▶ **RECORDS TO USE**:
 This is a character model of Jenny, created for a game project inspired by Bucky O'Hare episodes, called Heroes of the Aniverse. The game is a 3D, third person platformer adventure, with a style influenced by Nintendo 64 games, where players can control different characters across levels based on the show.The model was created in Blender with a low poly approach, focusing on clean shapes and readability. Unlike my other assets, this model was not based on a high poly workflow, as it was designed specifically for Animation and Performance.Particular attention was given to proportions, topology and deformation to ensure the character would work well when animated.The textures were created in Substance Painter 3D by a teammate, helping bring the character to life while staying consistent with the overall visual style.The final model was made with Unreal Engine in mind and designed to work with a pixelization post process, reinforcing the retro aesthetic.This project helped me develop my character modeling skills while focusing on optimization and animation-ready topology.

---

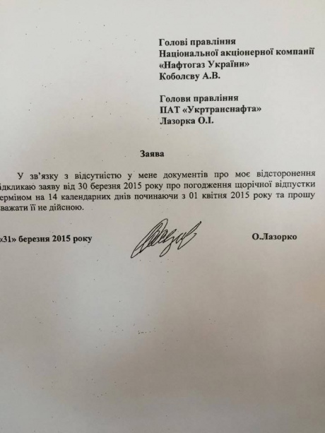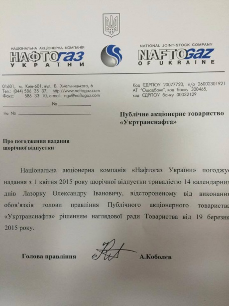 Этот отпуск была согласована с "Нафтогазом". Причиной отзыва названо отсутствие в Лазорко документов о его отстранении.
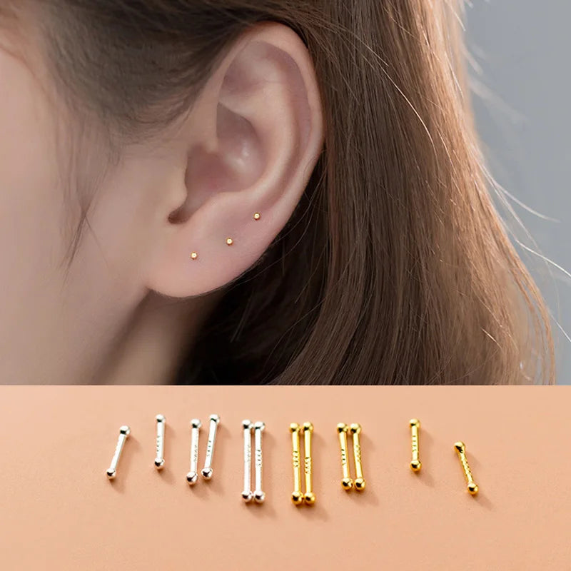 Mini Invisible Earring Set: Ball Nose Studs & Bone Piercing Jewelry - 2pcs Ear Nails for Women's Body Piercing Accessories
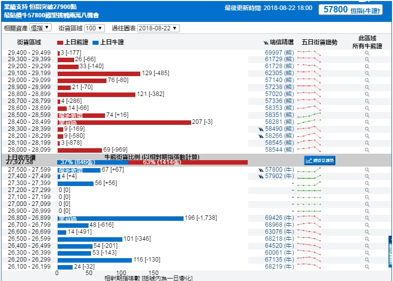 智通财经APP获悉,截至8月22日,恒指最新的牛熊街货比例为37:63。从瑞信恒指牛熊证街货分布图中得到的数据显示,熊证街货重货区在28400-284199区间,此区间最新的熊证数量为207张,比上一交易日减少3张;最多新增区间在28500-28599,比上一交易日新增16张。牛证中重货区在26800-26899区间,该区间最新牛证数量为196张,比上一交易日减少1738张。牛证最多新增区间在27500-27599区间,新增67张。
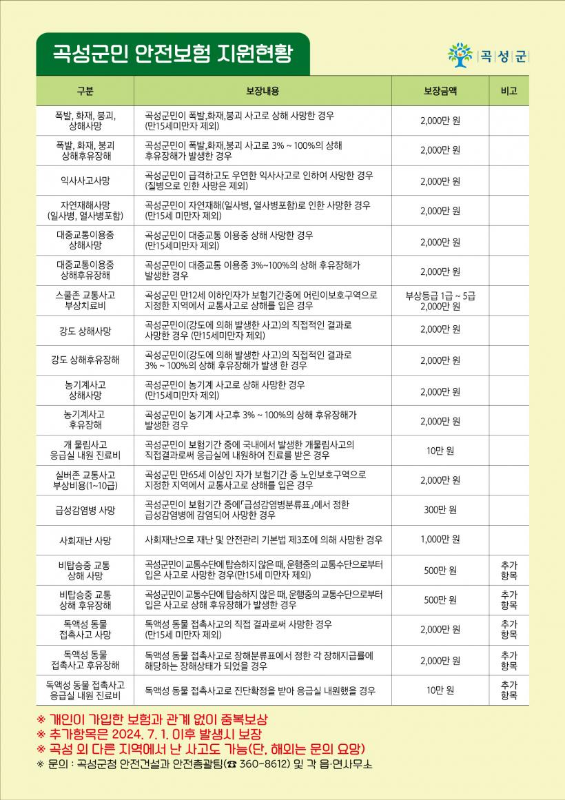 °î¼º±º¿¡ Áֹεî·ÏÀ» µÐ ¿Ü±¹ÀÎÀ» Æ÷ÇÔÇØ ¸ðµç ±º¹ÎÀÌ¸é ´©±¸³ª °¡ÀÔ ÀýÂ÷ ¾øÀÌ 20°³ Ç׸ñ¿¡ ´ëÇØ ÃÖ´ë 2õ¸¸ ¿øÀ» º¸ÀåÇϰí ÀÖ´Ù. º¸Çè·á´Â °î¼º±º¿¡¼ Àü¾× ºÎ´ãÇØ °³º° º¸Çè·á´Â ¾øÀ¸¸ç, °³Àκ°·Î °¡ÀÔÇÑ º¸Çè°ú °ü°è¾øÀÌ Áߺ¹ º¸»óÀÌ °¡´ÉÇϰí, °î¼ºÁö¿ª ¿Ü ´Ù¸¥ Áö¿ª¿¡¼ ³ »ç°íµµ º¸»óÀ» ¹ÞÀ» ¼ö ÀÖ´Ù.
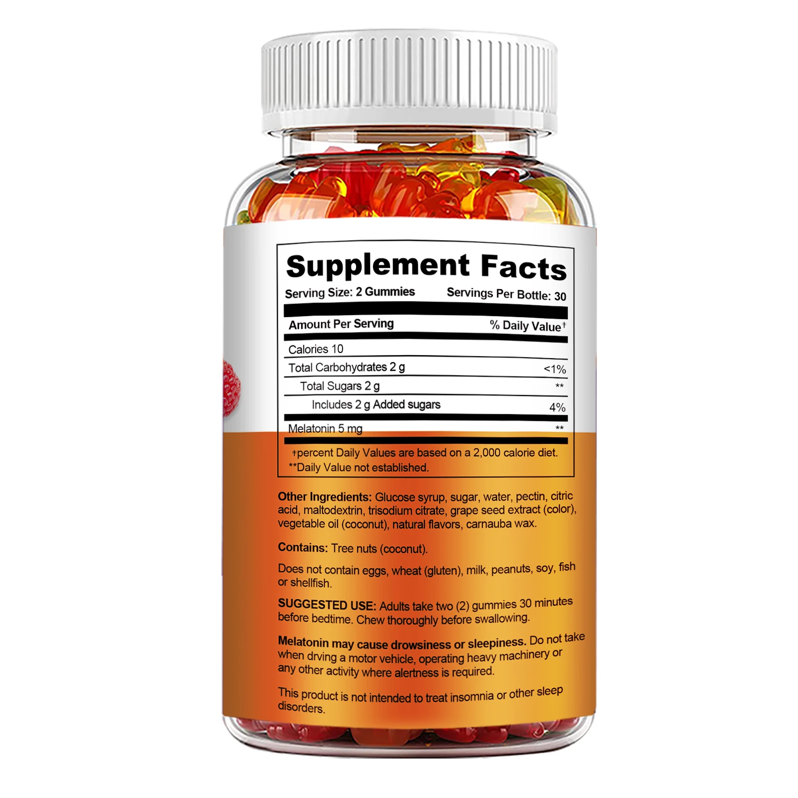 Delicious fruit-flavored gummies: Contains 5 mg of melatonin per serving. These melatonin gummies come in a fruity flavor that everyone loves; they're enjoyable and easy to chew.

▶ **WHAT THIS TASK INVOLVES**: Above is the material; set down exactly its lines from the one containing "Æ÷ÇÔÇØ ¸ðµç ±º¹ÎÀÌ¸é" down to the one containing "Delicious fruit-flavored gummies: Contains", both included, leaving out any pictures.

▶ **YOUR RESPONSE**:
 °î¼º±º¿¡ Áֹεî·ÏÀ» µÐ ¿Ü±¹ÀÎÀ» Æ÷ÇÔÇØ ¸ðµç ±º¹ÎÀÌ¸é ´©±¸³ª °¡ÀÔ ÀýÂ÷ ¾øÀÌ 20°³ Ç׸ñ¿¡ ´ëÇØ ÃÖ´ë 2õ¸¸ ¿øÀ» º¸ÀåÇϰí ÀÖ´Ù. º¸Çè·á´Â °î¼º±º¿¡¼ Àü¾× ºÎ´ãÇØ °³º° º¸Çè·á´Â ¾øÀ¸¸ç, °³Àκ°·Î °¡ÀÔÇÑ º¸Çè°ú °ü°è¾øÀÌ Áߺ¹ º¸»óÀÌ °¡´ÉÇϰí, °î¼ºÁö¿ª ¿Ü ´Ù¸¥ Áö¿ª¿¡¼ ³ »ç°íµµ º¸»óÀ» ¹ÞÀ» ¼ö ÀÖ´Ù.
 Delicious fruit-flavored gummies: Contains 5 mg of melatonin per serving. These melatonin gummies come in a fruity flavor that everyone loves; they're enjoyable and easy to chew.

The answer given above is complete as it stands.